Repeating nanostructures on the petals of certain flowers help to attract bees, scientists have shown. Parallel folds in each epidermal-cell’s cuticle – the protective coating on the petal surface – approximate diffraction gratings but with a degree of disorder that preferentially scatters blue–ultraviolet (UV) light.
Many bee species are particularly sensitive to light in the blue–UV range, since correspondingly coloured flowers often make especially rewarding foraging targets. Pigments responsible for this colouration are difficult to produce, however, and most flowering plants lack the necessary genetic and biochemical machinery. Now, though, researchers at the University of Cambridge, UK, led by Edwige Moyroud, along with collaborators at the Royal Botanic Gardens, propose that the evolution of a few diverse species of flowering plants has converged on photonic nanostructures as a solution.
Some level of irregularity is to be expected in natural structures, but it was not known if this is a necessary feature or merely a side effect of biological development. To test the importance of pattern disruption, the researchers used finite-difference time-domain (FDTD) calculations to model the effect of different degrees of disorder on the optical response.
Perfectly periodic gratings produced an iridescent effect with diffraction peaks determined by the wavelength. When the pattern was disrupted to an extent similar to that seen in the natural nanostructures, however, diffraction-induced iridescence disappeared, leaving a response dominated by scattered blue–UV light. The effect was consistent over a wide range of grating parameters, meaning all the flowers studied showed a similar “blue halo”, despite significant differences in structure at the nanoscale.
To investigate if the effect is meaningful in the real world, the researchers made artificial flowers with a range of background pigments and nanostructures, including perfectly periodic gratings and flower-like disordered gratings. Bumblebees trained to seek a sucrose solution as a reward (in preference to an undesirable punishment solution) learned to discriminate between smooth and nanostructured surfaces, but were quicker to respond to the disordered blue-halo pattern.

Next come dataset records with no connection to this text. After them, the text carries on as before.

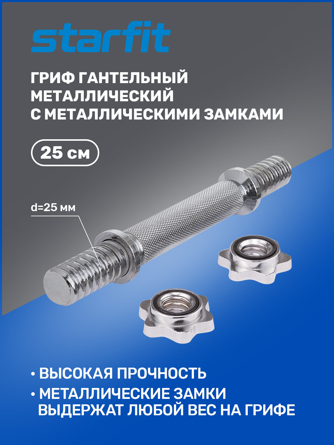 Гриф гантельный металлический STARFIT BB-107, с металлическими замками, подходит для дисков с диаметром входного отверстия 26 мм. гриф выполнен из литого прочного металла, что позволяет собрать наибольший вес гантели качественная насечка на рукояти обеспечивает надежное сцепление со снарядом.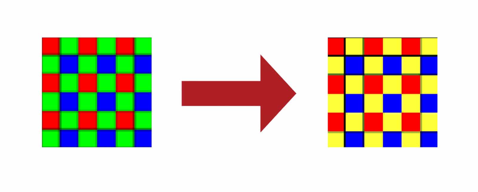 At least one company has dabbled in using yellow for part of the spectrum, with Sharp using yellow pixels on its TVs at one point, included to improve picture quality.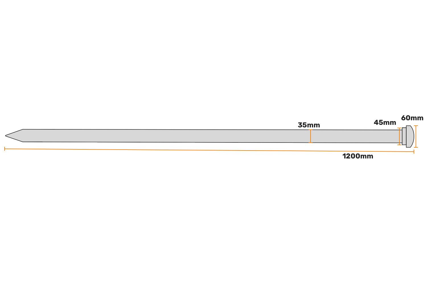 Lengte: De haring heeft een lengte van 120 centimeter, wat betekent dat hij diep in de grond kan worden gedreven om maximale stabiliteit te bieden.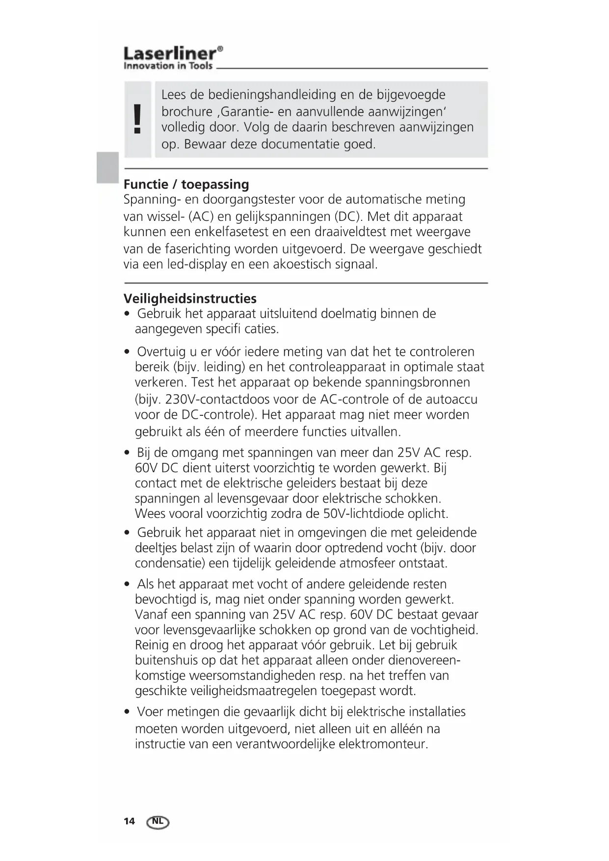 - Overtuig u er vóór iedere meting van dat het te controleren bereik (bijv. leiding) en het controleapparaat in optimale staat verkeren. Test het apparaat op bekende spanningsbronnen (bijv. 230V-contactdoos voor de AC-controle of de autoaccu voor de DC-controle). Het apparaat mag niet meer worden gebruikt als één of meerdere functies uitvallen.
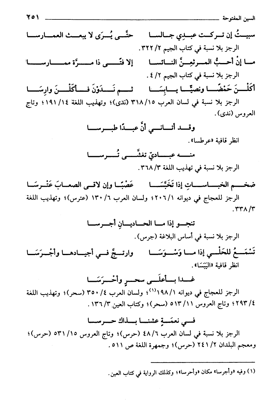 (¬1) وفيه «وأجرسا» مكان «وأحرسا»؛ وكذلك الرواية في كتاب العين.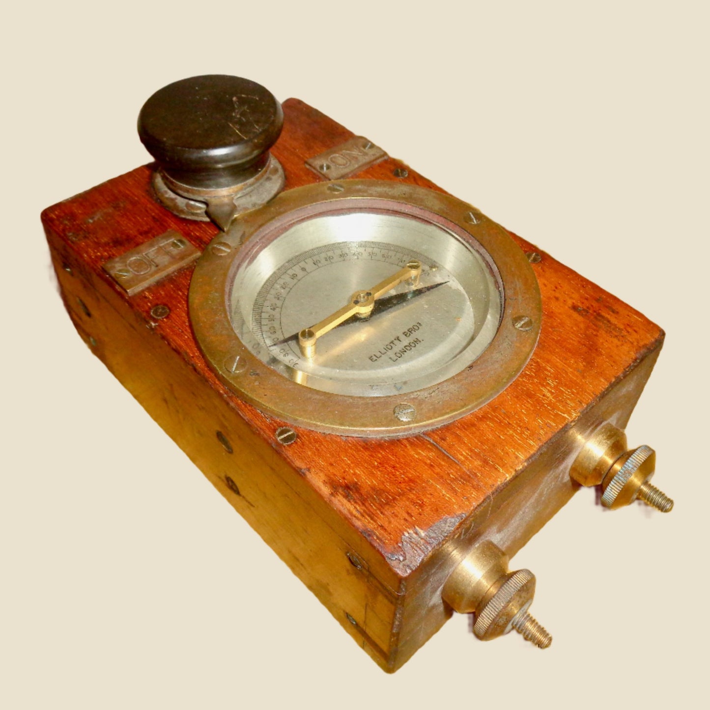 This is a wonderful Antique Elliott Brothers Galvanometer Telegraph Lineman's Detector In Wood & Brass dating to the late Victorian/ early Edwardian period (1870s-1920s). This version is unusual as it was designed to be used horizontally with a large bakelite and brass on/off switch.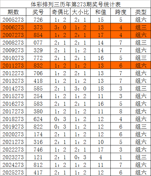 排列三第2025273期奖号为417,奇偶比为2:1,大小比为1:2,和值为12,跨度为6。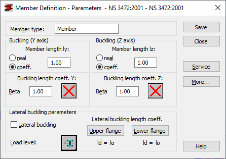 Pressing the More button opens an additional dialog box for definition of the remaining member type parameters provided in the code such as: equivalent moment coefficients, section parameters, etc.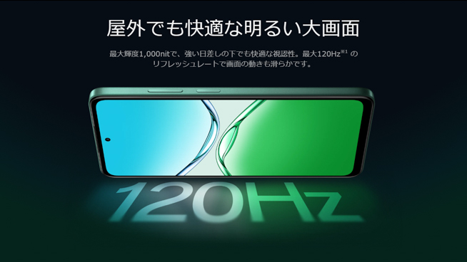 解像度はHD+(1,604×720)と最低限ですが、リフレッシュレートは最大120Hzに対応しており、滑らかな表示が楽しめることでしょう。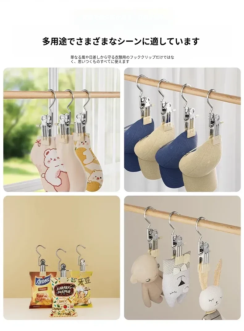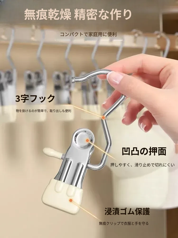 家庭用無痕衣類クリップ - 革新的な多機能ポータブルフック付き!靴下やパンツを簡単に干せる便利なクリップ。すっきり整理整頓できる洗濯の必需品!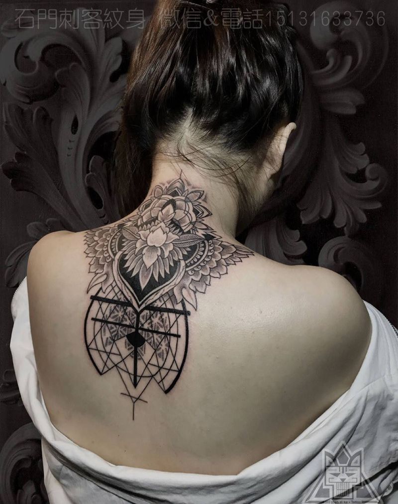 图腾梵花纹身图片_颈部背部图腾点刺梵花纹身图案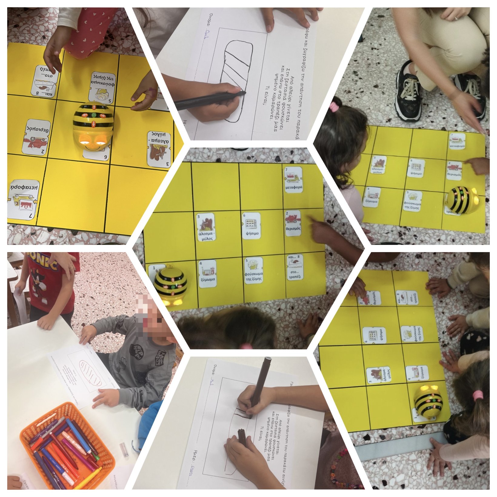Για να γίνει η μάθηση ακόμη πιο βιωματική, παίξαμε με την Bee-Bot, ακολουθώντας διαδρομές σχετικές με τα στάδια της καλλιέργειας και της παραγωγής. Η δραστηριότητα αυτή ενίσχυσε τον προγραμματισμό, τη λογική σκέψη και τη συνεργασία.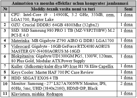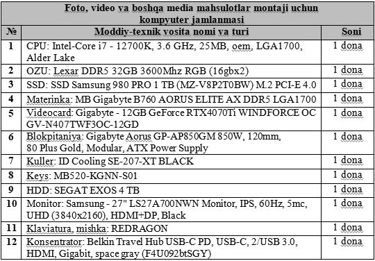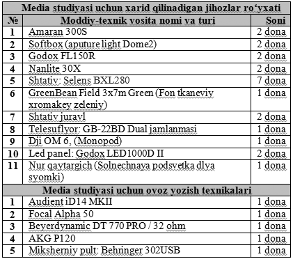 Эслатма! Жадвалда кўрсатилган маҳсулотлар учун танлов жорий йилнинг 16 апрель куни соат 15:00 да партиянинг Марказий аппарати биносида бўлиб ўтади.

The bumblebees seemed able to spot a blue halo against any background colour, with yellow and black flowers discovered as efficiently as all-blue flowers. Blue haloes on already blue flowers had little effect on behaviour.
It is not known if natural photonic structures can attract other insect pollinators, or whether other plants use the effect for different purposes.
Full details of the research are published in Nature.